By state or atomic mutable state we mean a state of the system. The concept is commonly used in DLT reasoning. With ‘mutable’ we want to say, that the state is changing over time.

We will use state of the physical system as analogy. The example may be a particle. (Note, however, that such real world analogies are just convenient metaphors, which help us to develop intuition in the reasoning about DLT, nothing more. The ledger is not a physical world)

The state of the system in physics is a function state: time->PhaseSpace, which gives a point state(T) in the phase space for each moment of time T. For example, the state of the physical particle is its speed, velocity and other values, which are changing over time.

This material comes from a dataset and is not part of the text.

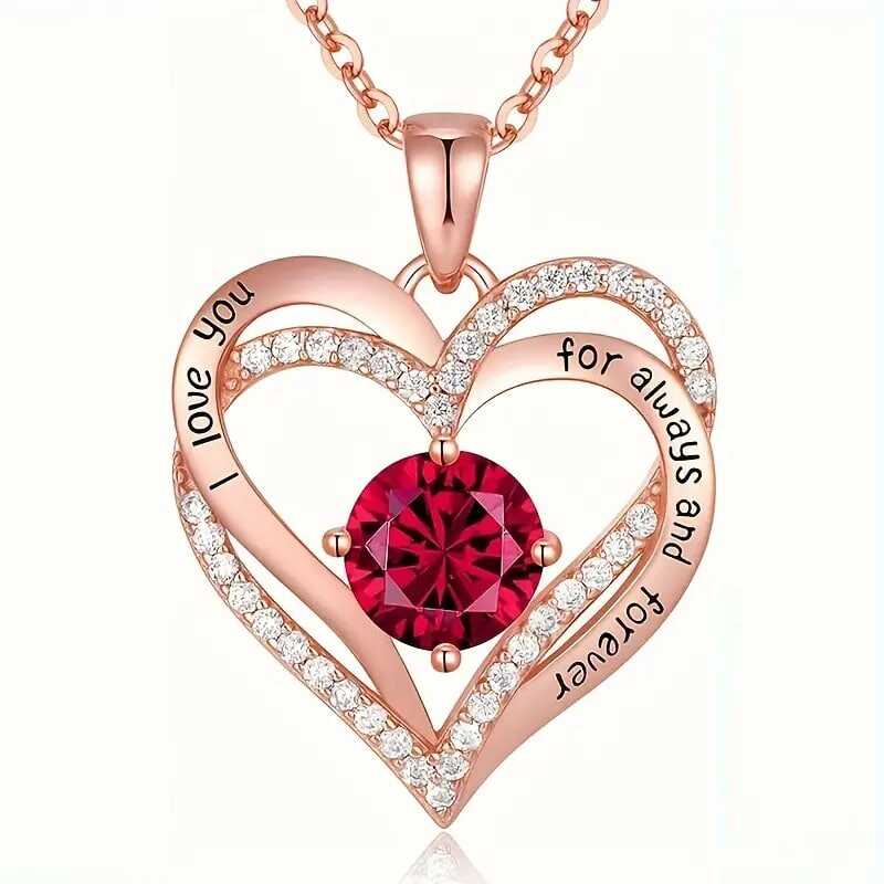 Luxury Red Zircon Pendant Necklaces With Rose Flower Gift Box For Girlfriend Women I Love You Gifts, Romantic Anniversary Party Birthday Wedding Gift Jewelry

By running the time T along the range of system’s lifetime, {state(T)} gives us the trajectory of the system, a curve in the phase space. This is a mathematical model of the evolution of the physical system over time. In the discreet time of DLT it is a sequence of states: state(1), state(2), … state(n), …

In the DLT context, the state in each moment of time is some atomic data set, usually a collection of key/value pairs. We call it atomic, because it changes (mutates) as a single indivisible unit each time tick.

In the DLT context, state and ledger state usually means the same thing, synonyms. We will also call it a data state.

Each participant in the system (think node) perceives the state(T) (or a particular version of it) the same way, i.e. as exactly the same data set. In other words, the (atomic) state cannot be updated somehow partially, not fully, it is always a whole, either its is state(T) or state(T+1), nothing in between, not even temporarily.

The state is also called objective and deterministic state. Objective it is because all participants (nodes) perceives it the same way. Deterministic because if somebody analyzes part of the data set of the state(T), the remaining part will be equal on every node.

Two or more different states, say state1(T) and state2(T), will be parallel, because their trajectories do not intersect in the phase space.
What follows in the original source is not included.